Onboarding new employees has been carried out remotely for the most part since the start of the coronavirus crisis. Under these difficult conditions, how can you keep remote workers enthusiastic about their new jobs and make sure that they are engaged with the company? And how can you keep your finger on the pulse at the same time, so that you can straighten out any problems in the onboarding process as quickly as possible?
- Give new employees a buddy
Employees who start a job working remotely can have a lack of clarity about their role. So, it makes sense to match each new employee with a defined onboarding contact. These “buddies” can reduce the fear factor around asking questions such as: “What actually is my role? How will we work together? What do you think will happen in the short term within our team and within the organization? What do you expect from me? If I want to do my job properly, what do I need to watch out for?”
- Explicitly ask new employees what problems they are facing
Ask in what situations employees find that they are experiencing difficulties in carrying out their new role. Because with remote working, colleagues aren’t always available when new employees are facing problems, it makes sense to explicitly ask about the difficulties that they face.

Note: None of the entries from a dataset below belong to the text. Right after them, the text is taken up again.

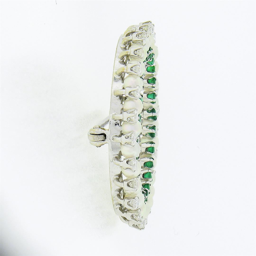 A vintage solid 14k white gold wealth brooch, with 26 round brilliant cut natural diamonds (G/H - VS1/VS2 ; 0.85ctw), and 26 round brilliant cut natural emeralds (0.75ctw), and 26 round shape cultured pearls (3.1mm each). Measures 32.30mm in diameter and weighs a total of 6.43 grams.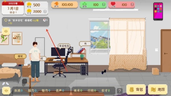 这是一款人生模拟类小游戏,玩家将扮演失业后回到县城的青年,从零起步规划并经营自己的人生。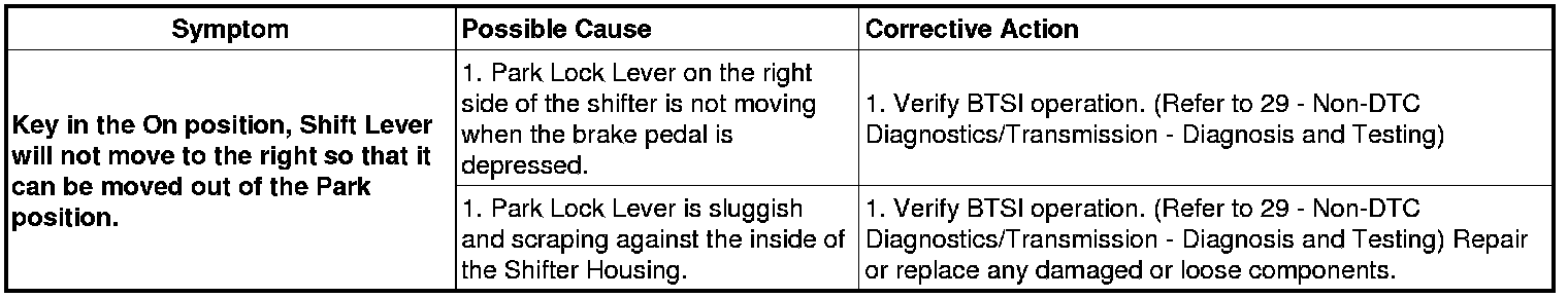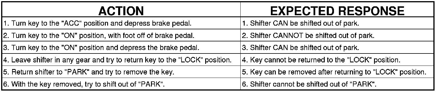 Use the table below to verify the condition of the Shift Interlock System.

You may also have to schedule more calls than usual and, if necessary, to meet in person, bearing in mind health and safety measures.
- Help employees build up a network
In general, even under normal circumstances, not all employees are aware that it’s important to build up a network themselves within the company — and this is even more difficult to do when working remotely. That’s why it may be useful to help new employees plan targeted conversations with colleagues who will be important contacts when carrying out their work tasks, including colleagues in other departments.
- Explain the company culture
The company culture can be directly addressed during one-to-one online conversations. It’s very difficult to get to know the culture from behind your computer screen, so you need to make lots of aspects explicit. Like: How do you handle risks? If you win a customer but you don’t have time to consult beforehand, can you make a decision on your own right away? Is that allowed here? Or do you have to run everything by the director first? Or: What’s the etiquette? How do you express appreciation, for example? The particular questions will vary depending on job, department and country.
- Reassure new employees
It’s very important that you reassure new employees who work remotely. Emphasize that onboarding will be a little slower than in the office and try to adjust the expectations of new employees. This will stop them wondering whether they have made the right choice, or feeling insecure. New employees really want to demonstrate as soon as possible that they can make a valuable contribution, but this is sometimes a bit more difficult remotely and in times that are uncertain. It therefore makes sense to explain that and to say as clearly as possible that this situation is a little more difficult, and that everyone knows that. And that it can sometimes be difficult for existing employees to work from home as well.
- Find out why employees leave companies prematurely
Contact with (new) employees is crucial nowadays if you want to avoid high turnover rates and ensure that everyone can perform to the best of their abilities. Continuous listening, where you regularly ask employees for feedback via pulse checks, is ideal for this. This allows you to discover what is going wrong and what you can do about it before it is too late. Only by implementing procedures such as this are you able to use feedback from your employees to improve things from within, always stay a step ahead the competition and enjoy sustainable success.